Recorded information -
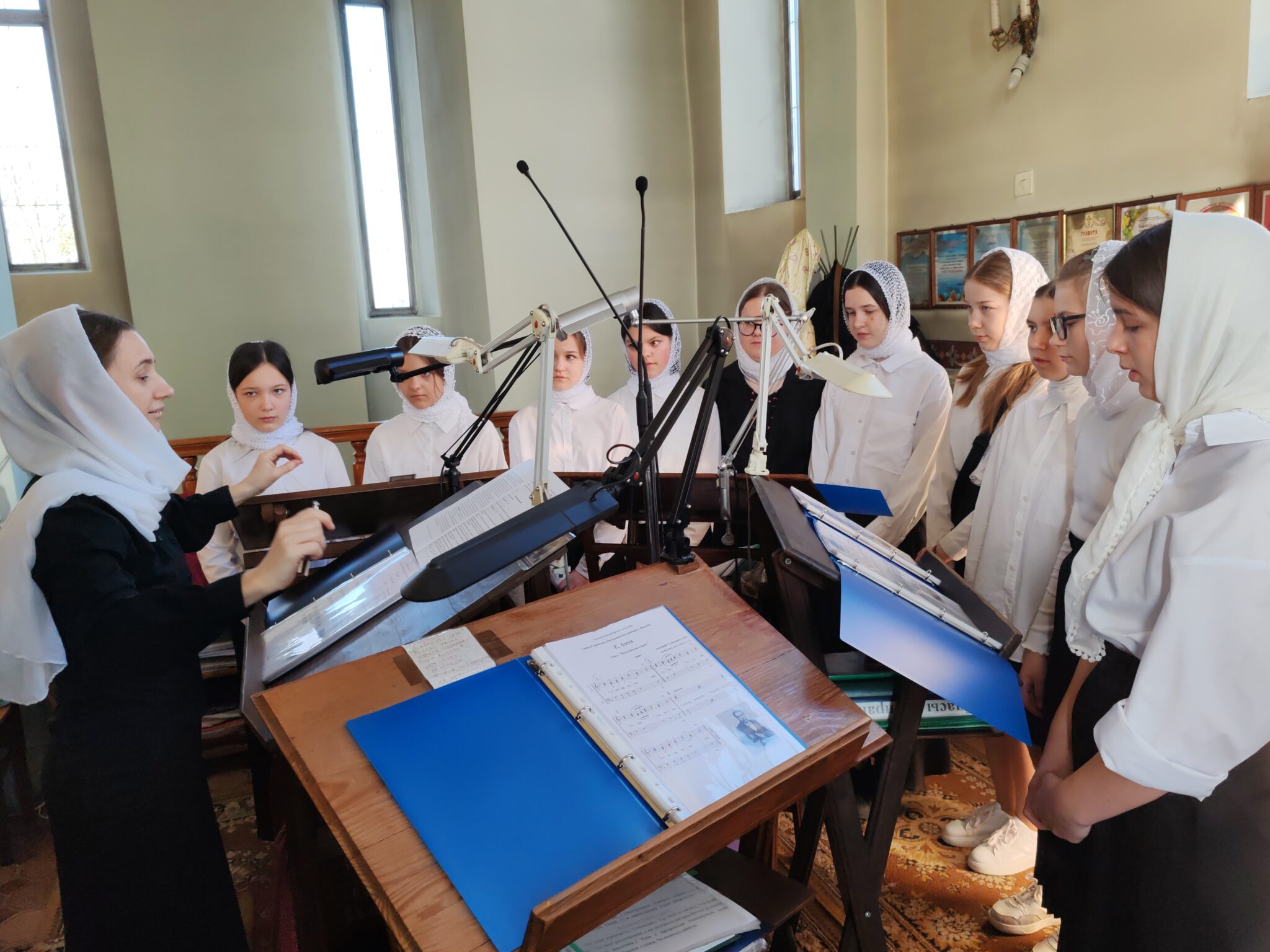 Также иерей Андрей Русавук и его жена матушка Наталья разучили с выпускниками Серафимовской воскресной школы, которые ныне являются членами приходского молодёжного движения, богослужебные песнопения, и на литургии все песнопения исполнял детский хор под руководством матушки Натальи Русавук. По окончании службы детский хор красиво исполнил известное песнопение «Вера вечна, вера славна».
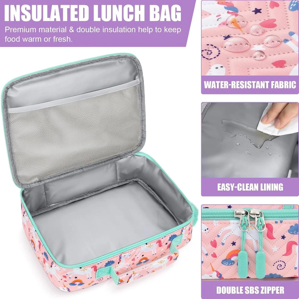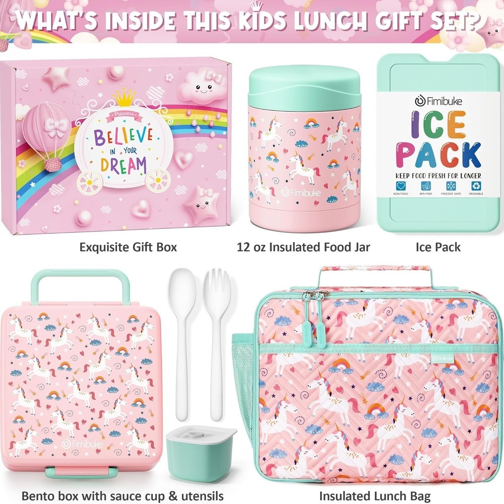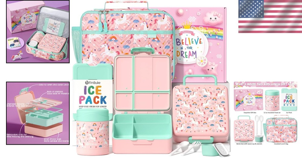Fun Unicorn Kids Lunch Box Set with Bento, Thermos & Insulated Bag - Gift Ready
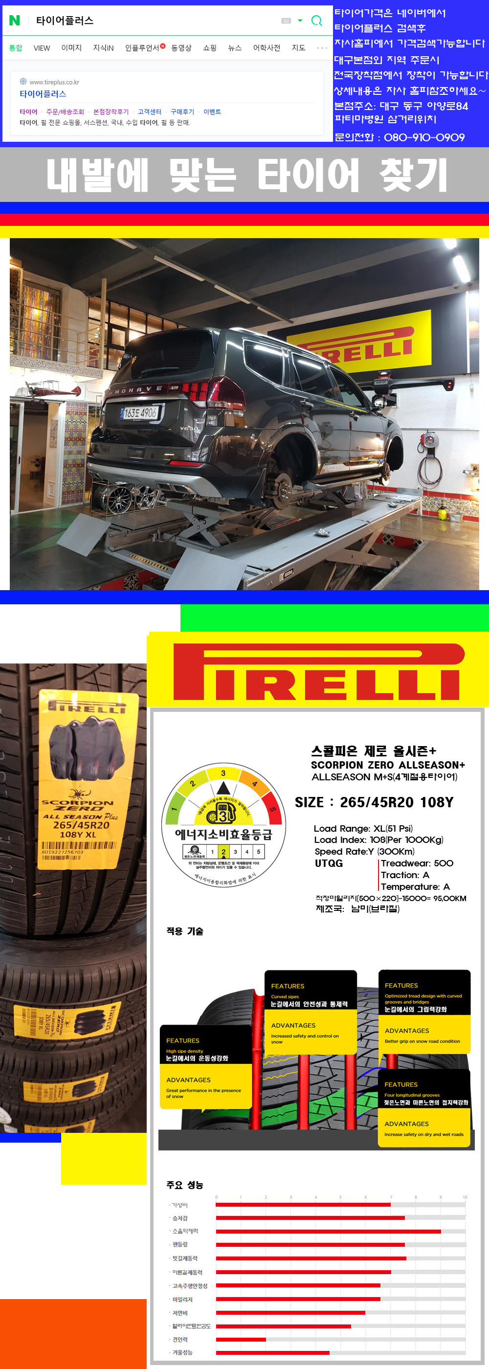 ♥♥♥본점 대구 동구 아양로84 (파티마삼거리 위치) 국산 수입타이어 할인행사중♥♥♥ 타이어플러스 대구본점은 전국에서 가장 규모가 큰매장입니다 물론 자사는 지하층 지상4층건물이며 1층작업장이외는 모두 창고로 사용중인 회사입니다 대구광역시 동구 아양로84(파티마병원 네거리에 위치) 그래서 매장으로 바로 오시면 당일에 바로 장착이 가능합니다 물론 한국 금호 넥센 브리지스톤 미쉐린 콘티넨탈 피렐리 던롭 굳이어 요코하마 등 세계유수의 10대 브랜드타이어만 취급하고 있습니다 타이어매장중 단일규모로는 아마 전국에서 제일 커지않을까 생각합니다 물론 장비도 현존하는 장비중 가장 최신장비와 그리고 유럽풍 인테리어의 최고급매장입니다 무엇하나 정품만 취급하며 작업또한 꼼꼼하게 매뉴얼에 따라서 작업을 해드립니다 특히 사장님의 이력이 화려한데 레이스로서 경험한 풍부한 자동차의 지식을 갖춘분이십니다 그래서 사장님께서 직접상담해주시고 장착도 해주시는 매장이기에 더 신뢰가 가지 않을까 생각합니다 자사는 인터넷 최저가 기반으로 성장한 회사이기에 가격또한 인터넷 최저가로 장착해 드리고 있습니다 그리고 자사는 고객만족도에서 대상까지 수상한 회사입니다 그래서 한번 저의 매장에서 작업하신 고객님은 아마 다른곳에서는 아마 눈에 차지 않을것이라 생각합니다 가격이면 가격 작업의 완성도면 완성도 그리고 사후 관리까지 최고중에 최고가 되기위해서 노력하는 매장입니다 지금까지 어느 매장에서도 느끼지 못한 감성들을 느끼시기를 바랍니다 감사합니다 요즘 SUV전용타이어 많이 시판되고 있습니다 회사별로도 무수한 패턴들이 생산이 되고있습니다 대충 타이어의 성격들을 보면 이러합니다
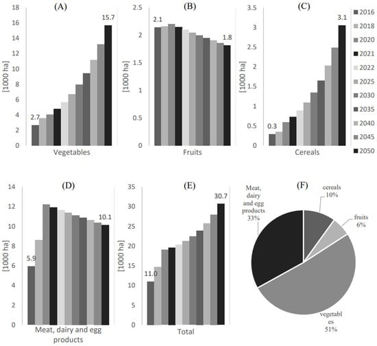 The corresponding areas used for local food supply are shown in Figure 4. As shown in Figure 4A, the largest area is reserved for producing vegetables, with an estimated area increase from 2.7 [1000 ha] to 15.7 [1000 ha] from 2016 to 2050, respectively. This is followed by the area designated for producing meat, dairy, and egg products, estimated to be 10.1 [1000 ha] in 2050.

Task statement -
No pictures should appear in the copy, which holds exactly the lines from the first line of the data through the line with "Fun Unicorn Kids" and nothing else.

Solution to the exercise -
 Также иерей Андрей Русавук и его жена матушка Наталья разучили с выпускниками Серафимовской воскресной школы, которые ныне являются членами приходского молодёжного движения, богослужебные песнопения, и на литургии все песнопения исполнял детский хор под руководством матушки Натальи Русавук. По окончании службы детский хор красиво исполнил известное песнопение «Вера вечна, вера славна».
Fun Unicorn Kids Lunch Box Set with Bento, Thermos & Insulated Bag - Gift Ready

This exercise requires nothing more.